Southampton’s Paris Smith is gearing up to invest a six-figure sum into IT programs in order to reduce overheads and introduce flexible working.
The money will be used towards creating a ‘paperless office’, using Electronic Matter File and Client Extranet, that will give staff the option of working from home with the utimate aim of saving money on office overheads.
Around five lawyers at the firm have already piloted the idea, with at least one deciding that they would rather work in the office than from home.
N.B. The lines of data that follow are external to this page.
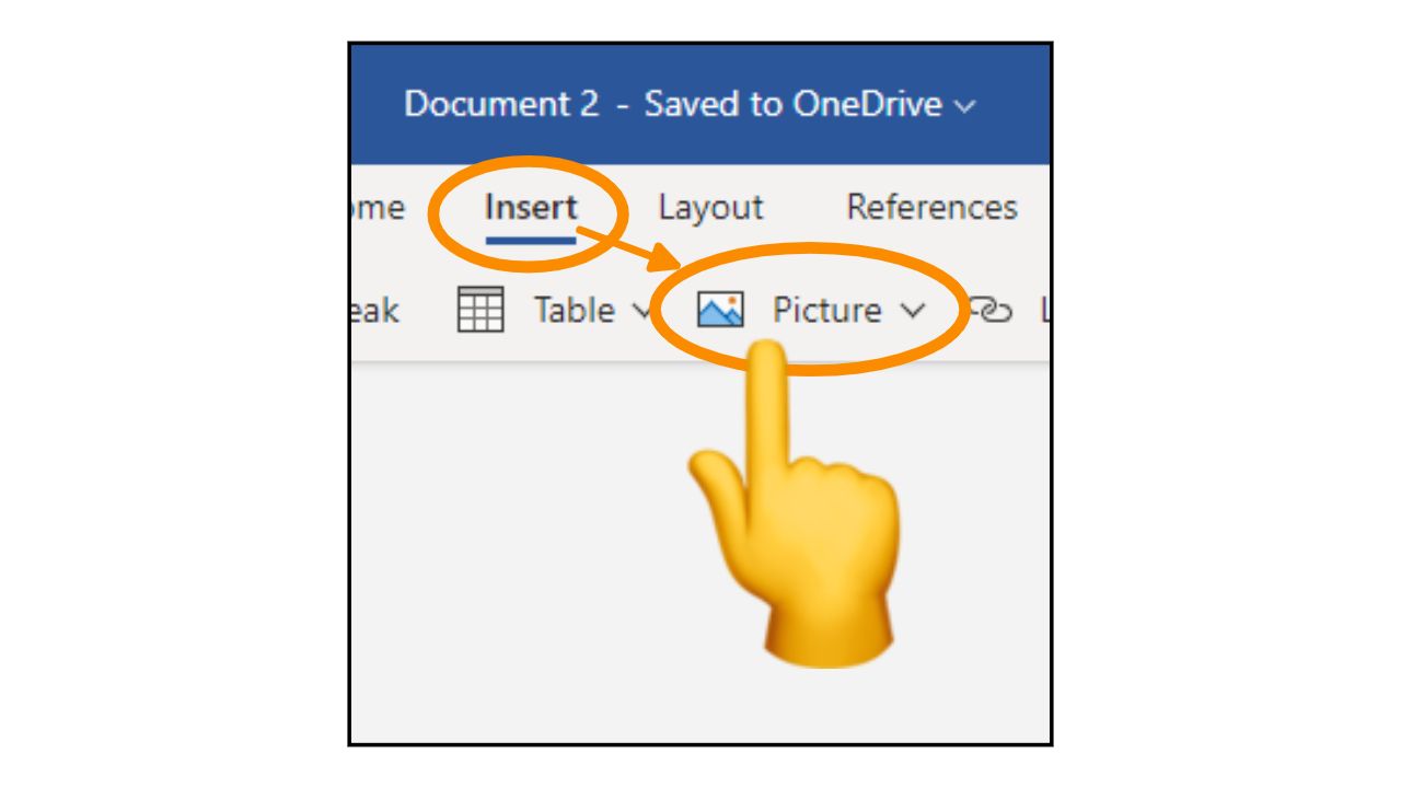 First, open your Word doc and click the ‘Insert’ tab from the top. Next, choose ‘Picture’ and upload the picture from your device, OneDrive or Bing Pictures.
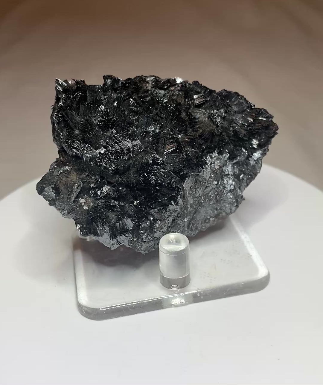 Although mining ceased in 1979-80, the manganese mines near Atikokan were a key strategic deposit for the Allies in WWII. Ore from Atikokan was added to the larger iron ore deposits located in the northern USA for steel production for the war effort. The mines also are well-known for their excellent manganite crystals. Perhaps not as robust and sexy as those from Germany, they are now Canadian classics. Rocky Mountain Minerals & Fossils recently acquired a selection of these from a former mine engineer that had stashed them in his garage since the mine's closure. These pieces have never before been offered for sale. One of the finest pieces from this old lot, showing full coverage of spikey manganite crystals on massive manganite. From: Caland Pit, Schwenger Township, Atikokan, Ontario. Dimensions: 5 cm x 6 cm
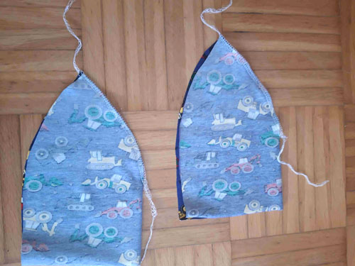 Nun wird bei beiden Schnittteilen einfach die Mittelnaht geschlossen.
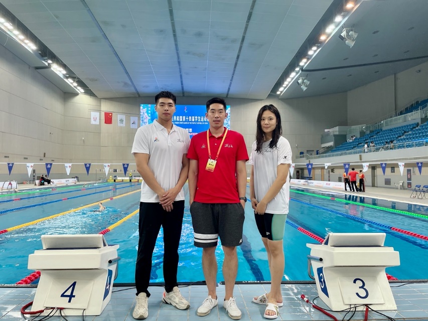 7月12日至17日,由教育部、国家体育总局和共青团中央主办,山东省教育厅、青岛市人民政府联合承办的中华人民共和国第十四届学生运动会在青岛举行。我校游泳队两名学生运动员(商科元、施奇雯)代表浙江省大学生游泳队参赛,在教练员张朕的带领下取得了好成绩。其中商科元(工商1401)获得男子乙组200米自由泳第四名、男子乙组4*100米自由泳接力第四名、男子乙组4*100米混合泳接力第四名、男女乙组4*100米自由泳接力第五名以及男子乙组4*200米自由泳接力第五名,施奇雯(会计1701)获得男女甲组4*100米自由泳接力第五名、女子甲组400米自由泳第六名、女子甲组4*100米自由泳接力第六名、女子甲组4*200米自由泳接力第七名以及女子甲组800米自由泳第八名。
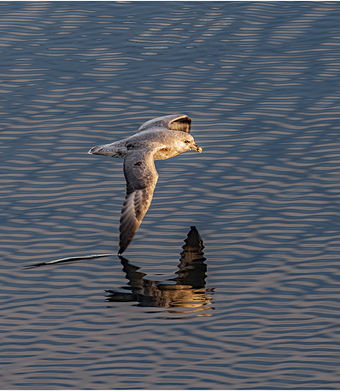 I really like the pattern in the water! Nice capture with the wing just dragging the edge. Thought there was a bit too much water so I tried a vertical crop and de-hazed the image which enhanced the bird. What do you think? |
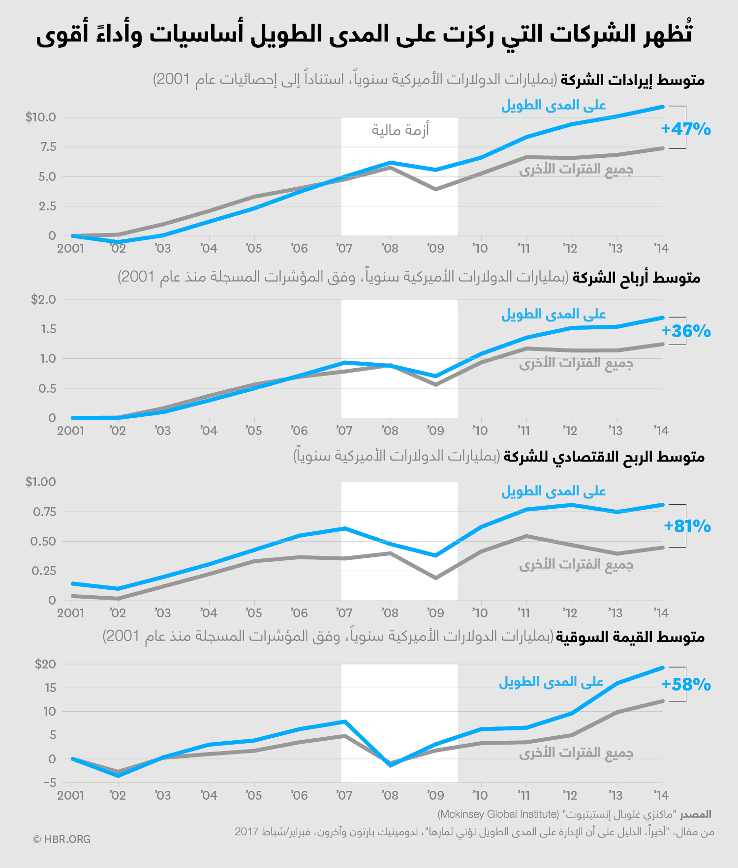 تُظهر البحوث أن الشركات التي تفكّر بعقلية التركيز على المدى الطويل، بدلاً من التركيز على الضغط الذي يفرضه محللو البيانات والمستثمرون لتلبية توقعات أرباح "وول ستريت" ربع السنوية، تفوقت باستمرار على نظيراتها في القطاع منذ عام 2001 فيما يخص كل إجراء مالي مهم تقريباً.

According to the firm’s managing partner Andrew Heathcock, a final decision on software is expected to be made by the end of the year, with the aim being to give everyone access to Electronic Matter File by the end of 2013.
Heathcock, who expects flexible working to be as appealing to new associates as it is to partners, said the firm is not yet in the habit of ‘hot-desking’, when staff members are not allocated a permanent workstation but rather use any desk that is free on the days they are in the office, but added that he had not ruled out the idea.
“Some City firms have had a big bang approach to this [flexible working] but not many regional firms have reached that nirvana yet,” he said.
The case for flexible working in the legal industry usually centres on working mothers, but Fiona Severs of Lexington Gray wrote in The Lawyer last October that the number of men working flexi-time has more than doubled in the last decade.
Readers' comments (2)
Tim | 11-Aug-2012 3:50 pm
Our firm have been operating a home-based employee scheme for 2 years now with great success.
We are saving over £100,000 per annum on rent and business rates etc and getting a better end product from emloyees, with a faster turnaround time on projects.
Strongly reccomend this approach for professional practices.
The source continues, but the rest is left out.